Si consideri il caso di Picasso. Nello scritto a lui dedicato, apparso sulla
rivista il 4 agosto 1923 e poi riproposto intatto nel volume, viene pubblicato
il testo quasi integrale della dichiarazione sul cubismo rilasciata
originariamente in spagnolo da Picasso al critico d’arte messicano Marius de
Zayas [11], ed apparsa a New York nella rivista The Arts nel maggio 1923. A dire il vero non vi è alcun riferimento
all’originale spagnolo o alla sua traduzione inglese, e chi non conosca quel testo
può essere indotto a credere che si tratti del frutto di una conversazione
privata tra Picasso e Fels. Forse che lo stesso Fels fu tratto in inganno e che
Picasso gli consegnò un testo in francese che era già stato utilizzato altrove?

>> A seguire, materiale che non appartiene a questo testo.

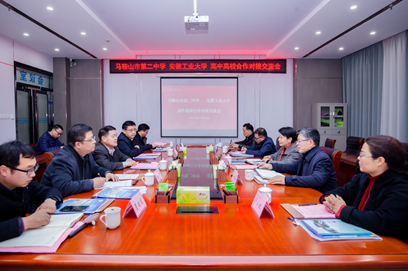 郑啸介绍了学校的基本情况和办学成效,表示学校将积极通过开放实验室、委派专家举办学术和科普讲座等方式,助力马鞍山二中在科学教育、拔尖创新人才培养等方面的发展,同时欢迎马鞍山二中的优秀学子报考安工大。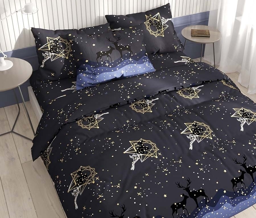Model percale berkualitas tinggi menyenangkan untuk disentuh, lembut dan tahan lama. Tidak berubah bentuk di bawah rezim pencucian, tidak kusut. Cepat kering, mempertahankan kecerahan warna untuk waktu yang lama. Ukuran: 215x220 cm Biaya rata-rata: 1079 rubel.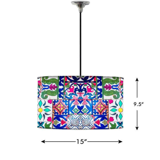 Ceiling Lamp Hanging Drum Lampshade - Beautiful Retro Pattern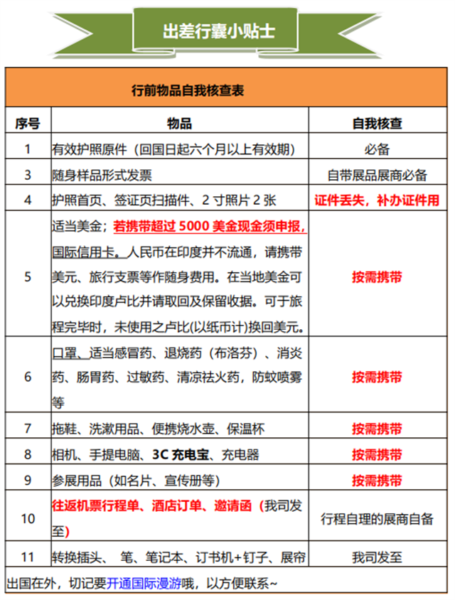 5、若自行攜帶樣品,請務必用行李箱裝運或折疊小推車,方便托運、過關, 以及機場、展館的進出,并攜帶形式發(fā)票。

Oppure Fels non si curò di citarlo? È comunque interessante come lo stesso
testo (in questo caso citando le fonti) sia incluso nell’antologia di Paul Westheim [12]. Si tratta infatti di una dichiarazione importante, in cui
Picasso rivendica al cubismo la natura di pittura naturalista di stampo
classico, e ne nega con forza l’appartenenza all’astrattismo. Picasso viene
dunque ricondotto, per sua stessa parola, nella tradizione pittorica
considerata più convincente sia da Fels sia da Westheim.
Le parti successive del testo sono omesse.